• PROBLEM: Word for word, restate each of the entries below, and drop every picture.
━━━━━━━━━━━━━━━━━━━━
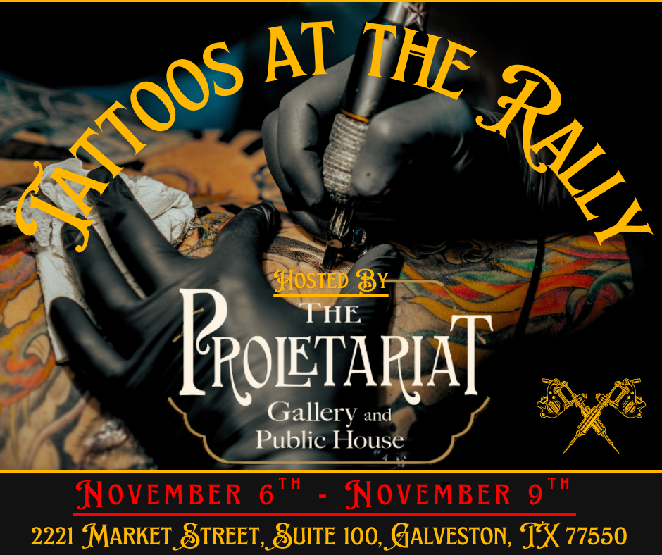 Looking for a place to be in the action for Lone Star Motorcycle Rally, but not lost in it? Just one block from the heart of the chaos, The Proletariat Gallery & Public House is your front-row seat to the best people-watching in town. All weekend long, we’re hosting a tattoo event curated by Tattooer, Gypsy Overton, featuring multi-award-winning tattoo artists creating custom pieces right here on-site.
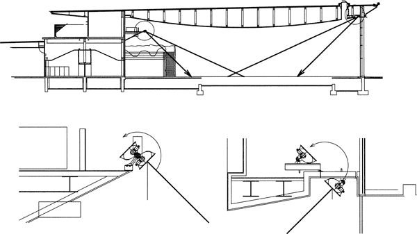 施設形状が円形のため照明器具の配置は,周囲の壁面上部の全周配置である。ランプ交換における維持管理対策として,高所取付であるが,足場等の設置が不要で背面作業が行える方法として,建築にて器具取付部を回転出来る構造を採用した(図4)。 - 照明設備
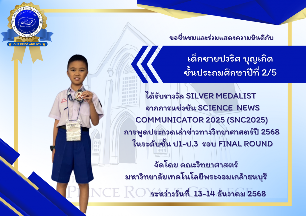 ขอชื่นชมและร่วมแสดงความยินดีกับ เด็กชายปวริศ บุญเกิด ชั้นประถมศึกษาปีที่ 2/5 ได้รับรางวัล SILVER MEDALIST จากการแข่งขัน SCIENCE NEWS COMMUNICATOR 2025 (SNC2025) การพูดประกวดเล่าข่าวทางวิทยาศาสตร์ปี 2568 ในระดับชั้น ป1-ป.3 รอบ FINAL ROUND ณ คณะวิทยาศาสตร์ มหาวิทยาลัยเทคโนโลยีพระจอมเกล้าธนบุรี
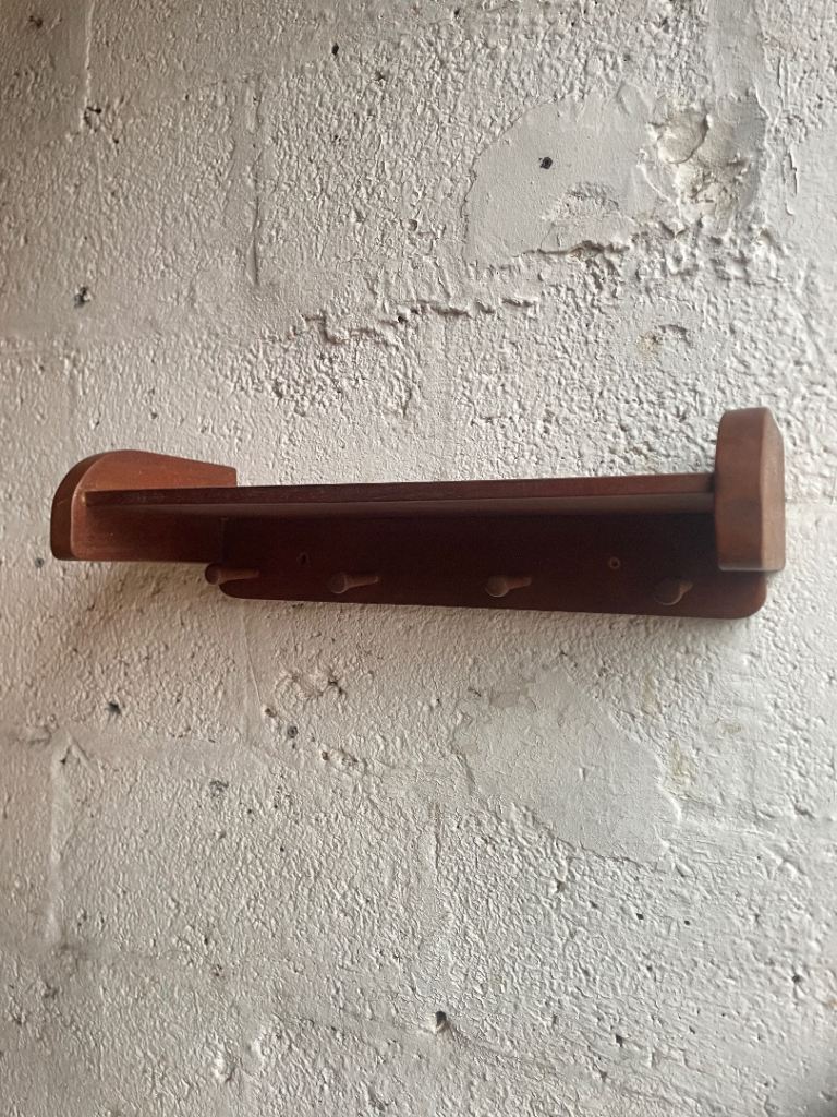 Mid century shelf and coat hooks.
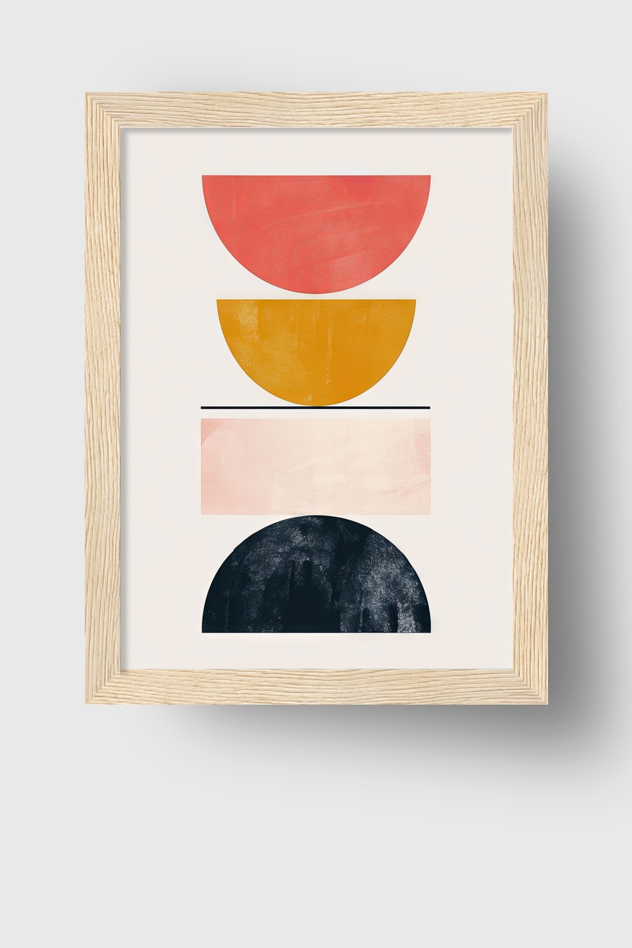 Das Motiv zeigt eine reduzierte Komposition aus farbigen Halbkreisen und einem Rechteck. Die Farbwahl aus Rot, Gelb, Rosa und Schwarz schafft eine klare, moderne Ästhetik.
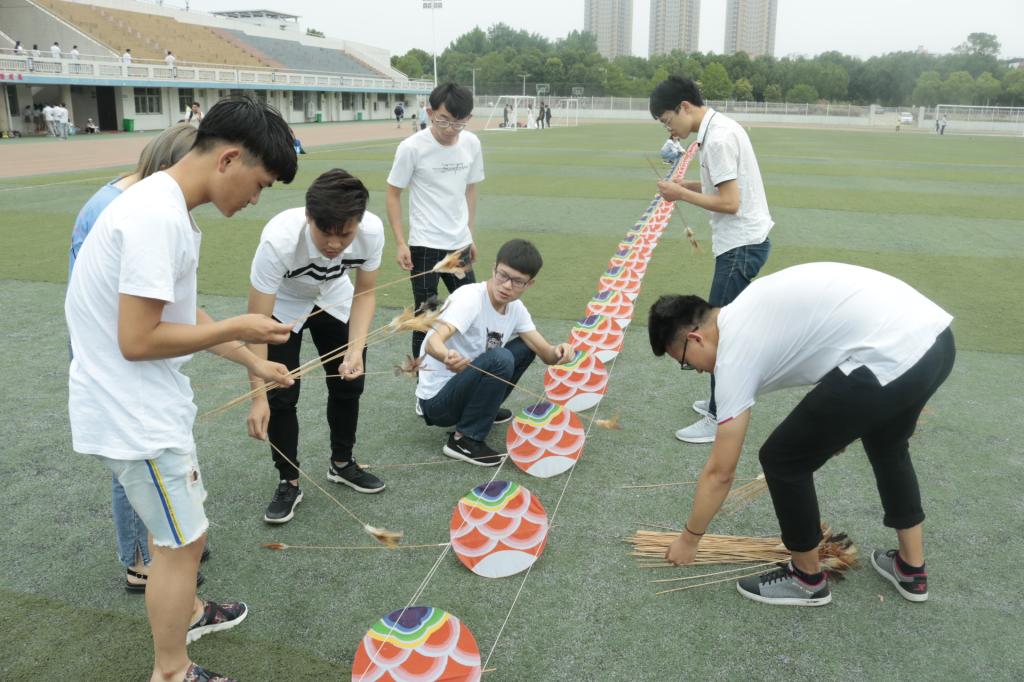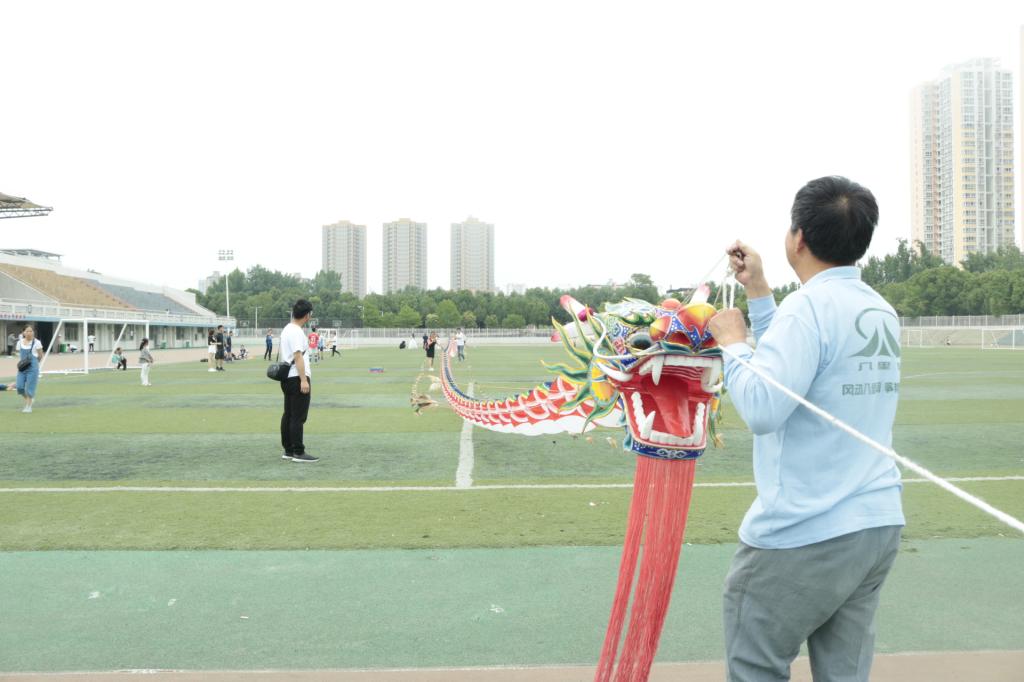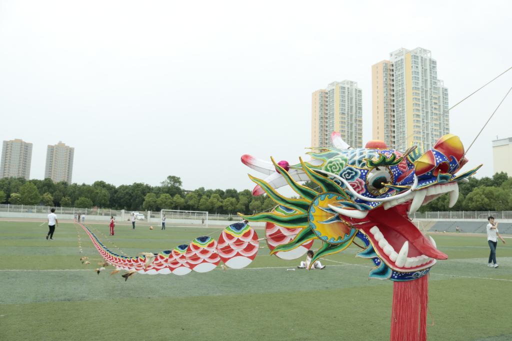 闫永俊给现场的师生们普及了放风筝的有关知识,并教授绑风筝线的方法,在老师的指导和帮助下,大家的风筝都飞起来。本次活动中最吸引眼球的是闫老先生自制的九十米长的“龙风筝”,在同学们的协助下,成功飞上了空中,它宛如一条活灵活现的真龙。空中伴随的是其他各式各样的小风筝,它们翩翩起舞,有如会飞的燕子,有的如跳跃的音符,操场上一片欢声笑语。本次活动在合影留念中顺利结束。
━━━━━━━━━━━━━━━━━━━━
• FINAL ANSWER:
 Looking for a place to be in the action for Lone Star Motorcycle Rally, but not lost in it? Just one block from the heart of the chaos, The Proletariat Gallery & Public House is your front-row seat to the best people-watching in town. All weekend long, we’re hosting a tattoo event curated by Tattooer, Gypsy Overton, featuring multi-award-winning tattoo artists creating custom pieces right here on-site.
 施設形状が円形のため照明器具の配置は,周囲の壁面上部の全周配置である。ランプ交換における維持管理対策として,高所取付であるが,足場等の設置が不要で背面作業が行える方法として,建築にて器具取付部を回転出来る構造を採用した(図4)。 - 照明設備
 ขอชื่นชมและร่วมแสดงความยินดีกับ เด็กชายปวริศ บุญเกิด ชั้นประถมศึกษาปีที่ 2/5 ได้รับรางวัล SILVER MEDALIST จากการแข่งขัน SCIENCE NEWS COMMUNICATOR 2025 (SNC2025) การพูดประกวดเล่าข่าวทางวิทยาศาสตร์ปี 2568 ในระดับชั้น ป1-ป.3 รอบ FINAL ROUND ณ คณะวิทยาศาสตร์ มหาวิทยาลัยเทคโนโลยีพระจอมเกล้าธนบุรี
 Mid century shelf and coat hooks.
 Das Motiv zeigt eine reduzierte Komposition aus farbigen Halbkreisen und einem Rechteck. Die Farbwahl aus Rot, Gelb, Rosa und Schwarz schafft eine klare, moderne Ästhetik.
 闫永俊给现场的师生们普及了放风筝的有关知识,并教授绑风筝线的方法,在老师的指导和帮助下,大家的风筝都飞起来。本次活动中最吸引眼球的是闫老先生自制的九十米长的“龙风筝”,在同学们的协助下,成功飞上了空中,它宛如一条活灵活现的真龙。空中伴随的是其他各式各样的小风筝,它们翩翩起舞,有如会飞的燕子,有的如跳跃的音符,操场上一片欢声笑语。本次活动在合影留念中顺利结束。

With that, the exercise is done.